Republic of the Philippines
SUPREME COURT
Manila

EN BANC

G.R. No. L-2827             October 3, 1907

MARIA LOPEZ Y VILLANUEVA, plaintiff-appellant,
vs.
TAN TIOCO, defendant-appellee.

Ruperto Montinola for appellant.
Smith & Hargis for appellee.


CARSON, J.:

This is an action to recover 22,684.94 pesos, Mexican currency, balance due on account.
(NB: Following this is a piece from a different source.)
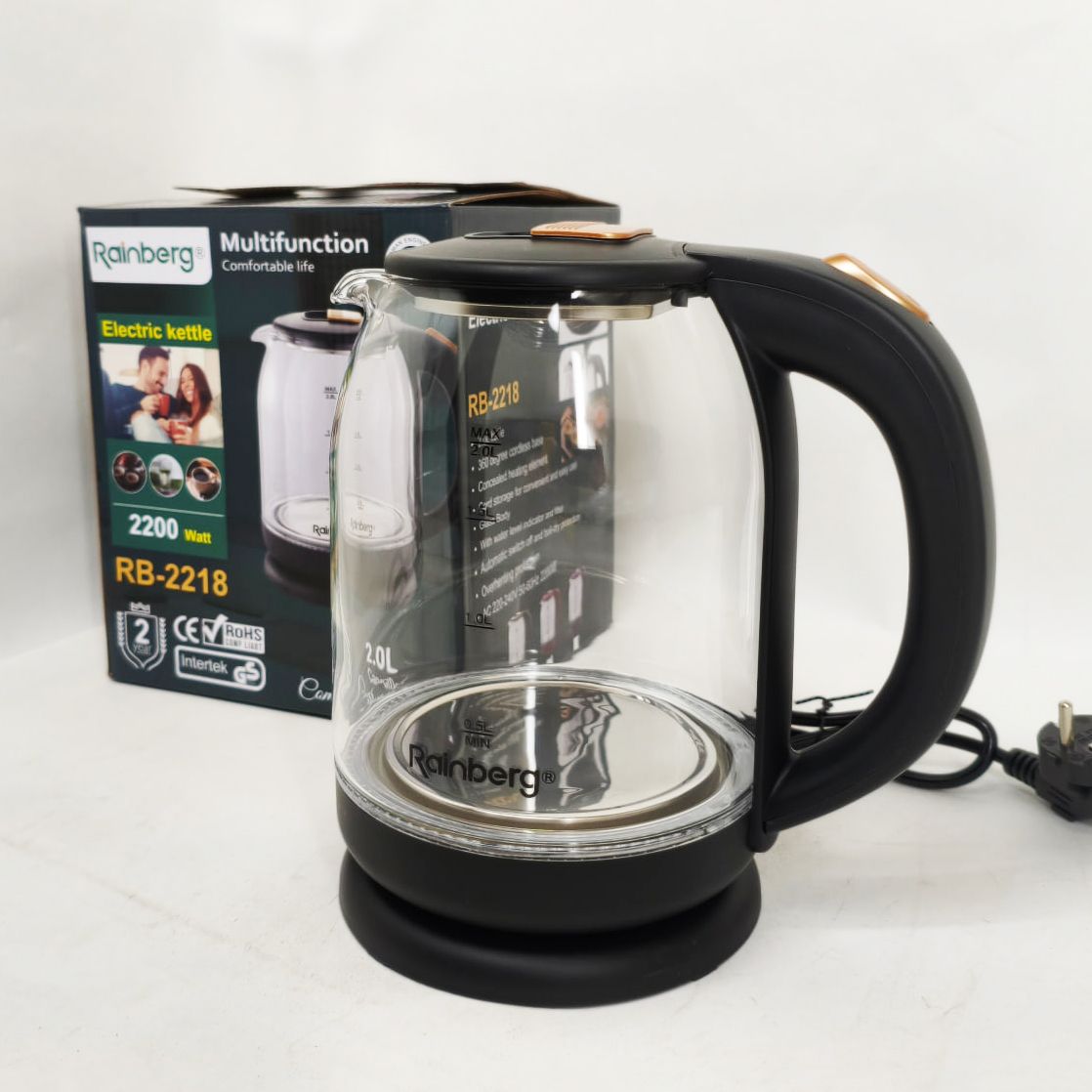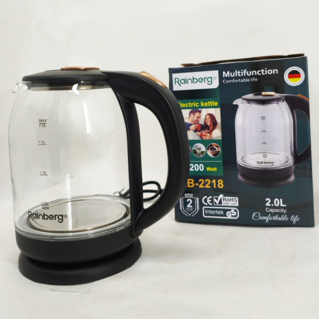 Rainberg RB 2218 відмінно підходить як для домашнього використання, так і для офісного простору. Він ідеальний для швидкого приготування гарячих напоїв – чаю, кави, настоїв трав. Завдяки великому об'єму в 2 літри, чайник задовольнить потреби родини або групи співробітників без необхідності постійно наливати воду заново. Функція автоотключення робить експлуатацію пристрою безпечною навіть у випадку забудькуватості користувача. Сучасний дизайн і скляний корпус додають привабливості робочому простору або кухні, гармонійно вписуючись у будь-який інтер’єр.

The only item of the account in dispute is the price at which 7,718.99 piculs of sugar should be charged to the defendant and appellee, and credited to the plaintiff and appellant.

Maria Lopez, the plaintiff, alleges that she entered into a verbal contract which the defendant to deliver to him certain sugar, which he obligated himself to store in Iloilo until he received instructions from her to sell, whereupon he was to credit her account with its market value in Iloilo on the day upon which such instructions were communicated to him; that in accordance with the terms of the agreement she delivered to the defendant 7,713.99 piculs of sugar; that she gave instructions to sell on the 29th of September, 1904; that on the 29th day of September, 1904, the market value of the sugar she thus delivered was as follows: 1,085.13 piculs of No. 1, at 5.35 ½ pesos, Mexican currency; 1,741.56 piculs of No. 2, at 5.12 ½ pesos, Mexican currency; 4,823.67 piculs of No. 3. at 4.87 ½ pesos, Mexican currency; 16.23 piculs of la clase humeda, at 3.37 ½ at 3 pesos, Mexican currency; and 47.40 piculs of coriente, at 3 pesos, Mexican currency; that had the sugar been sold on the 1st of December, 1904, the date on which the complaint was filed, it would have brought a still higher price, and that crediting her with the market value of the sugar on the 1st day of December, 1904, the balance due on account would be 22,638.94 pesos, Mexican currency.

The defendant, Tan Tioco, admits the truth of the foregoing, allegations, but insists that he received authority to sell the sugar on the 26th of March, 1904, when the market price in Iloilo was much lower than on the 29th of September, 1904, or the 1st of December, 1904, and that crediting the plaintiff with the market value of the sugar as of the 26th of March, 1904, the balance due the plaintiff would amount to but 1,082.95 pesos, Mexican currency, which he admits he is indebted to her in accordance with the terms of their agreement.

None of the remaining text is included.